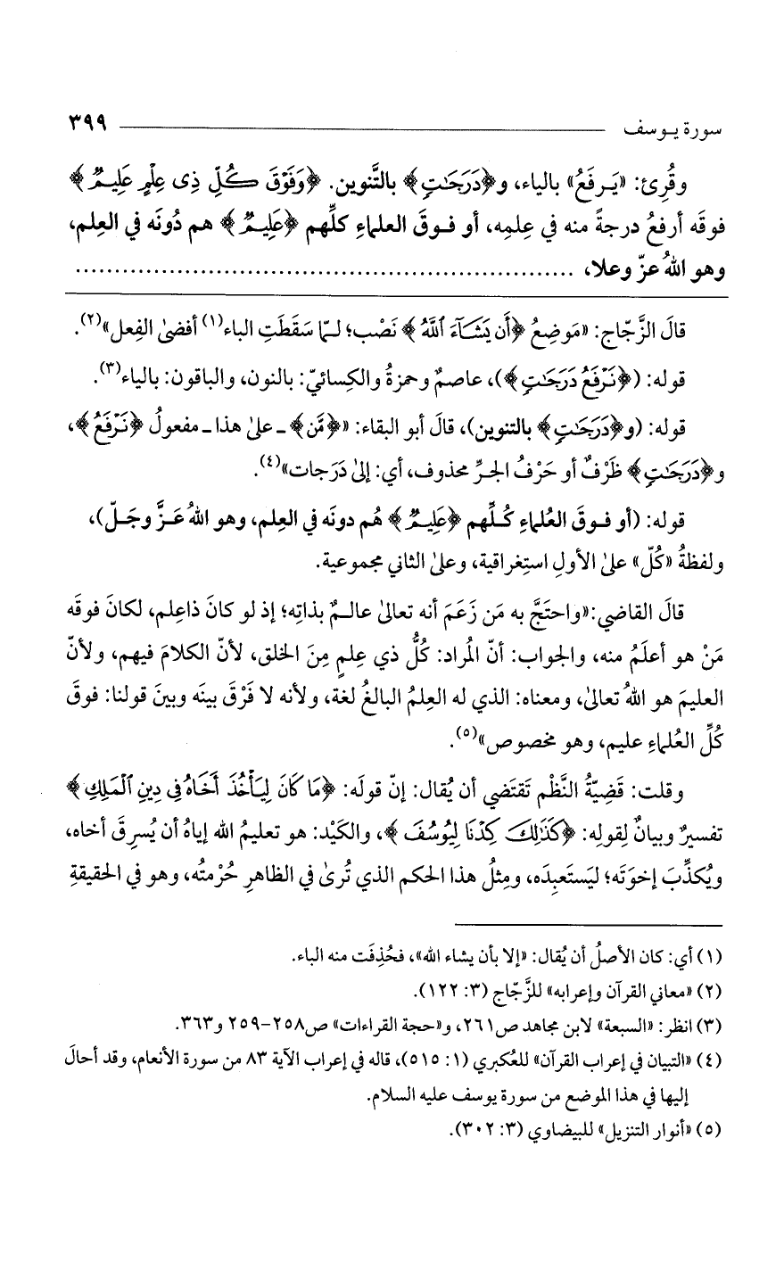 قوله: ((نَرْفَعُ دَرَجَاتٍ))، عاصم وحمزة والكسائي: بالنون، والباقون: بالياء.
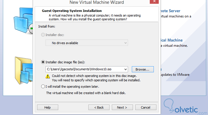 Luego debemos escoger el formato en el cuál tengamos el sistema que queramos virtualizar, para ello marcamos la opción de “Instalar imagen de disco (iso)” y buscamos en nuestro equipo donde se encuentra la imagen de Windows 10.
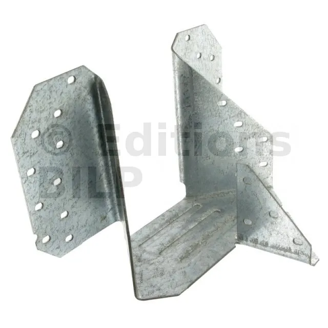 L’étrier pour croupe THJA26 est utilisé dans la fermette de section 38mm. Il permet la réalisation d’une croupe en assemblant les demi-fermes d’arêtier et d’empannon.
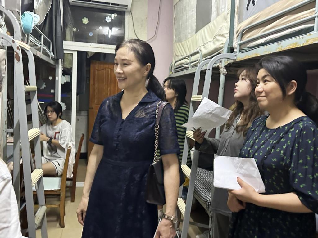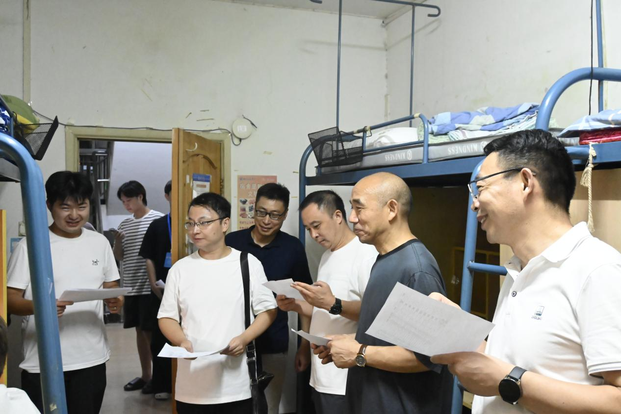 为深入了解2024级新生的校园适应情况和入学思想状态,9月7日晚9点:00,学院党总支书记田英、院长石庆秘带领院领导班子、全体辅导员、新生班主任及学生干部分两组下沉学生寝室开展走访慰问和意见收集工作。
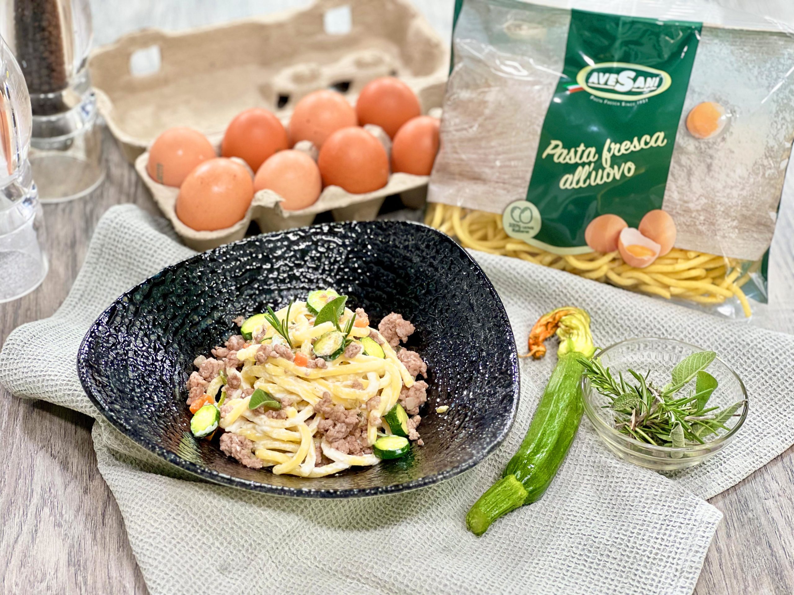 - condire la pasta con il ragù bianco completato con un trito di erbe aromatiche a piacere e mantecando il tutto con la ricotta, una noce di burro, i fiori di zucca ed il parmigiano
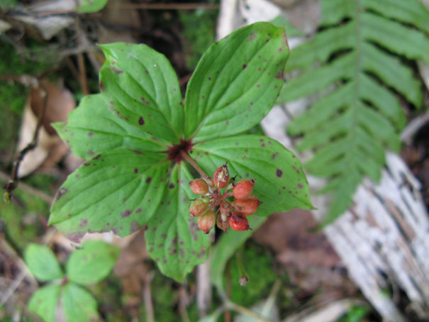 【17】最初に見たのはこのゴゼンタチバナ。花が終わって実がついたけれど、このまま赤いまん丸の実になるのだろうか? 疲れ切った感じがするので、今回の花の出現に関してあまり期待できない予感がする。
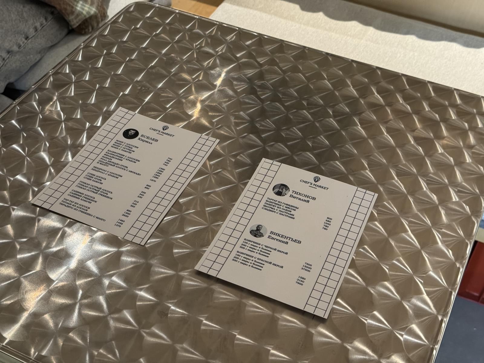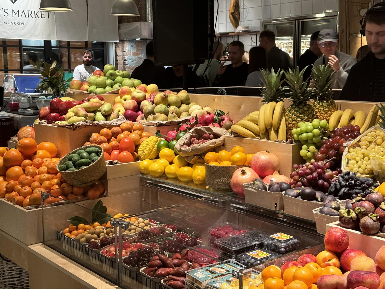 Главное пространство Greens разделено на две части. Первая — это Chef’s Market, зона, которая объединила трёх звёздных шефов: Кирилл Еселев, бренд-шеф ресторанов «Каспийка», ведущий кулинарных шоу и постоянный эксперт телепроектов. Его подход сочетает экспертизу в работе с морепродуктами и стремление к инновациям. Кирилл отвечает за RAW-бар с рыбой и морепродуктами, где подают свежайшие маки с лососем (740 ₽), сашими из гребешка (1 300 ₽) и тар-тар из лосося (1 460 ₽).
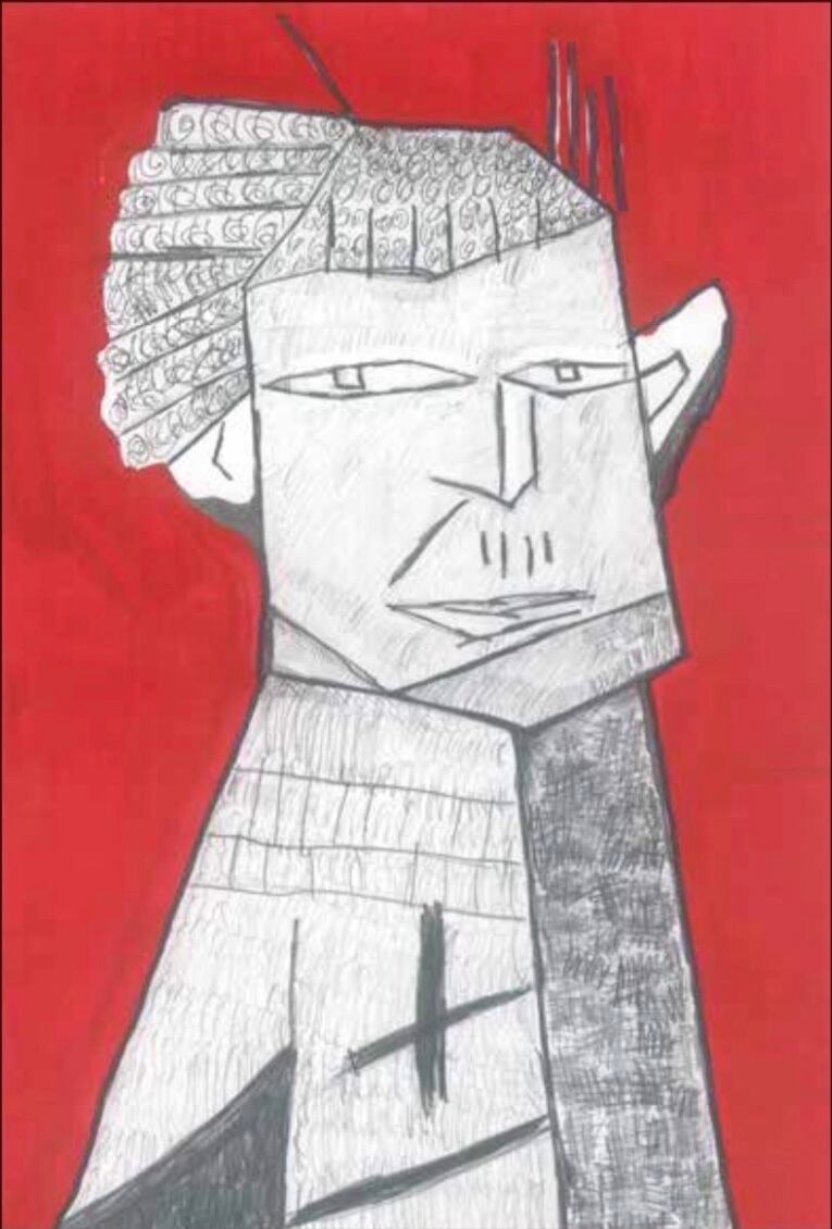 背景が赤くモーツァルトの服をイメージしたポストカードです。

----------

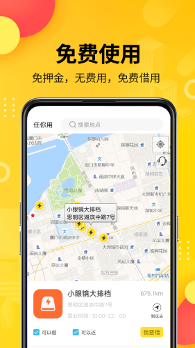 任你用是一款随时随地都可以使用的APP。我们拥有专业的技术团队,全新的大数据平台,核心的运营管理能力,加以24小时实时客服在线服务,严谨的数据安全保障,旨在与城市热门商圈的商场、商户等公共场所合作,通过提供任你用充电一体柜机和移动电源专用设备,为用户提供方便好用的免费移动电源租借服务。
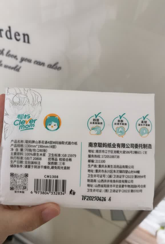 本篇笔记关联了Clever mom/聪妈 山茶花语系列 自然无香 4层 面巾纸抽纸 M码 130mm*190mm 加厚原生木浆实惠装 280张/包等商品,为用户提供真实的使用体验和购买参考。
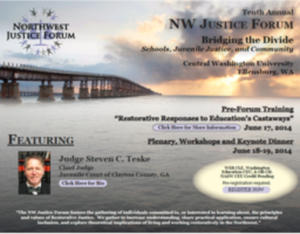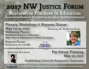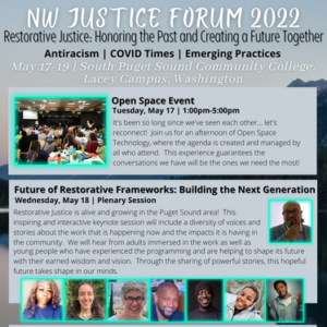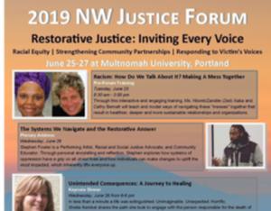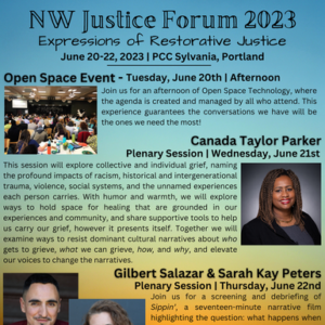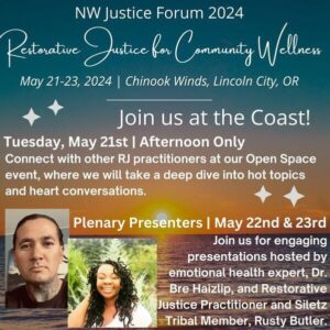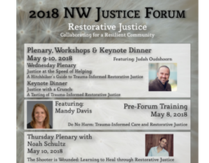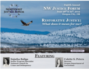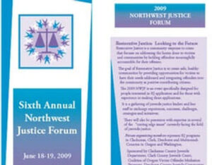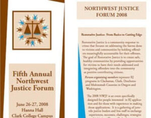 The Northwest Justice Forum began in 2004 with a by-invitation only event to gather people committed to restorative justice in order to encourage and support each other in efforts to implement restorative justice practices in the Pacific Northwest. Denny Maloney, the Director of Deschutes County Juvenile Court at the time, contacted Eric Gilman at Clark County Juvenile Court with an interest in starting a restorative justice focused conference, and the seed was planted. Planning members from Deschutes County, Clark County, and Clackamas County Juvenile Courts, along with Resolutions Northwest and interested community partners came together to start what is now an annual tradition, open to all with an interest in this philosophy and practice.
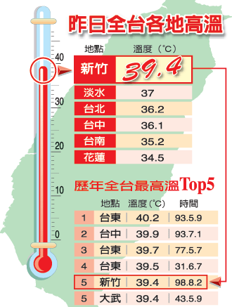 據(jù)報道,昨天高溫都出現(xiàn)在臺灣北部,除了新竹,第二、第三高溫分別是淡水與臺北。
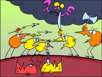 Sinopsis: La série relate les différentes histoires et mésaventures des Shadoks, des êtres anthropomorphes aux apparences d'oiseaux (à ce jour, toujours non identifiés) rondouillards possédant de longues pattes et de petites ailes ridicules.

----------

**EXERCISE OBJECTIVE:**
What lines above run from the one with "Главное пространство Greens" to the one with "背景が赤くモーツァルトの服をイメージしたポストカードです。"? Give them again exactly, ends included, and leave the pictures out.

**OUTPUT FOR THIS TASK:**
 Главное пространство Greens разделено на две части. Первая — это Chef’s Market, зона, которая объединила трёх звёздных шефов: Кирилл Еселев, бренд-шеф ресторанов «Каспийка», ведущий кулинарных шоу и постоянный эксперт телепроектов. Его подход сочетает экспертизу в работе с морепродуктами и стремление к инновациям. Кирилл отвечает за RAW-бар с рыбой и морепродуктами, где подают свежайшие маки с лососем (740 ₽), сашими из гребешка (1 300 ₽) и тар-тар из лосося (1 460 ₽).
 背景が赤くモーツァルトの服をイメージしたポストカードです。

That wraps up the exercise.